Die Zahl der Patienten steigt, die der Pflegekräfte wächst nicht schnell genug. Vor allem in der Intensivpflege kann jedes zweite Krankenhaus vakante Stellen nicht besetzen. Ein neues Gesetz soll Abhilfe schaffen.
Laut der Deutschen Krankenhausgesellschaft (DKG) hatten 53 Prozent der Krankenhäuser in Deutschland im zweiten Halbjahr 2016 Probleme damit, Pflegestellen auf Intensivstationen zu besetzen. Im gesamten Bundesgebiet fehlte geeignetes Personal für rund 3150 offene Stellen. Trotz der personellen Engpässe sei die Versorgung der Patienten “objektiv gut”, suggeriert eine im Auftrag der DKG durchgeführte Studie des Deutschen Krankenhausinstituts (DKI), für die 1.200 Krankenhäuser befragt wurden. Sie legt nahe, dass Pflegekräfte auf Intensivstationen im Jahr 2015 pro Schicht durchschnittlich 2,2 Patienten zu versorgen hatten. Somit liege die tatsächliche Personalbesetzung auf Intensivstationen in etwa beim von der Fachgesellschaft Deutsche Interdisziplinäre Vereinigung für Intensiv- und Notfallmedizin (DIVI) empfohlenen Pflegekraft-zu-Patienten-Verhältnis von 2 Fällen pro Pflegekraft und Schicht.
Das aktuelle Ergebnis der DKI-Studie überrascht, schließlich ist der Personalmangel auf Intensivstationen seit 2009 ein mehrfach belegtes Problem. Deshalb warnt auch die DKG, dass die näherungsweise erreichten Zahlen nicht als Entwarnung gewertet werden dürften. Perspektivisch gesehen würde die Zahl offener Stellen in der Pflege zukünftig noch steigen, auch weil etliche Pflegekräfte das Rentenalter erreichten.
Liegt die Lösung bei der Politik?
Inzwischen hat der Bundestag ein Gesetz beschlossen, das die Sicherstellung einer ausreichenden Personalbesetzung im Pflegedienst der Intensivstationen erwirken soll. Vorgesehen sind verpflichtende Untergrenzen für Pflegekräfte in sensiblen Krankenhausbereichen wie Intensivstationen oder auch im Nachtdienst.
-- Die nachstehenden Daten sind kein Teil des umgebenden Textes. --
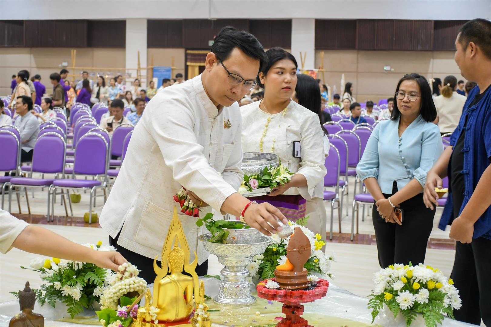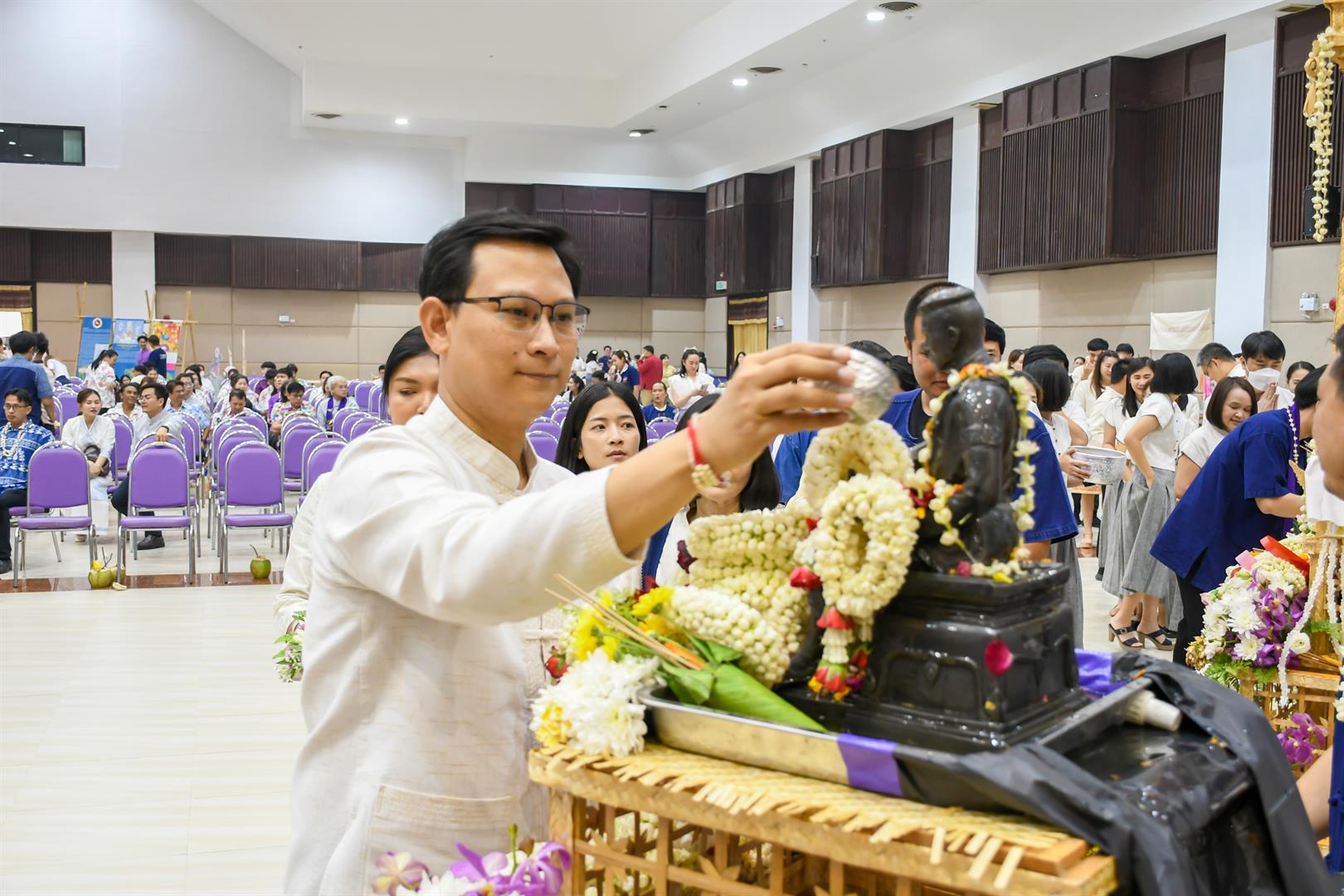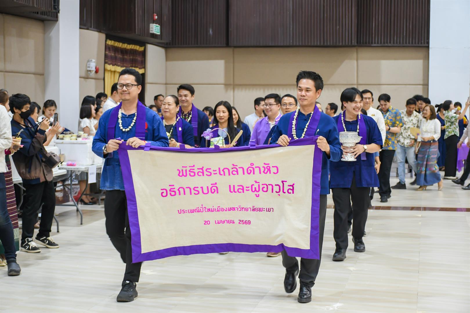 วันที่ ๒๐ เมษายน ๒๕๖๙ วิทยาลัยการศึกษา นำโดย รองศาสตราจารย์ ดร.รักษิต สุทธิพงษ์ คณบดีวิทยาลัยการศึกษา พร้อมด้วยผู้บริหาร คณาจารย์ และบุคลากรสายสนับสนุน เข้าร่วมพิธีสระเกล้าดำหัวอธิการบดีและผู้อาวุโส เนื่องในเทศกาลสงกรานต์มหาวิทยาลัยพะเยา ประจำปี ๒๕๖๙ ณ หอประชุมพญางำเมือง มหาวิทยาลัยพะเยา โดยร่วมสรงน้ำพระพุทธภุชคารักษ์ และพระบรมรูปสมเด็จพระนเรศวรมหาราช เพื่อความเป็นสิริมงคล พร้อมทั้งขอขมาและรับพรจาก รองศาสตราจารย์ ดร.สุภกร พงศบางโพธิ์ อธิการบดีมหาวิทยาลัยพะเยา และผู้อาวุโสที่เคารพ

Konkrete Personaluntergrenzen sollen bis Ende Juni 2018 von der DKG und dem Spitzenverband der gesetzlichen Krankenkassen definiert werden.
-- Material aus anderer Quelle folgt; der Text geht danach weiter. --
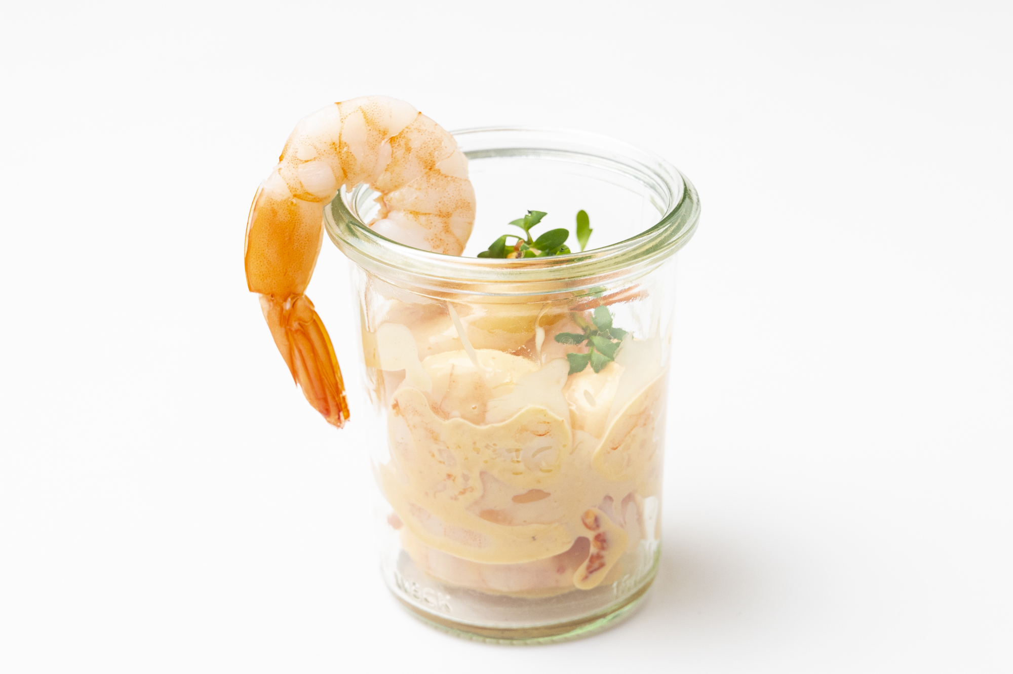 Handwerk: Zarte Garnelen werden schonend gegart und in einer leichten Knoblauchcreme mit Paprika und Chili verfeinert. Sorgfältig angerichtet und serviert im praktischen Weckglas.

Sollte es bis dahin keine Einigung geben, behält sich die Regierung vor, entsprechende Untergrenzen per Rechtverordnung zu beschließen. Zu Kontrollzwecken sieht der Gesetzgeber vor, dass Krankenhäuser die zuständigen Behörden über die Einhaltung der Personaluntergrenzen informieren. Die aufgrund der Untergrenzen für Pflegekräfte entstehenden Mehrkosten sollen durch den kürzlich eingeführten Pflegezuschlag und ein Pflegestellen-Förderprogramm abgefedert werden. Dadurch würden Kliniken zukünftig bis zu 830 Millionen Euro pro Jahr zusätzlich erhalten.
Die DKG sieht das Untergrenzen-Gesetz als Gängelung. Wegen fehlender Bewerber und Finanzierung sei es nicht umsetzbar. Auch andere Verbände sehen den Personalmangel damit nicht automatisch gelöst. Die Gewerkschaft Verdi sieht das Problem als hausgemacht, Jobs für Pflegekräfte würden so schlecht bezahlt, dass die Bewerber wegblieben. Auch der Deutsche Pflegeverband meint, dass sich die Rahmenbedingungen in der Pflege grundlegend ändern müssten, um den personellen Engpässen beizukommen. Dazu zählen eine leistungsgerechte Bezahlung, familienfreundliche Arbeitszeitmodelle sowie eine Reduzierung der Arbeitsbelastung.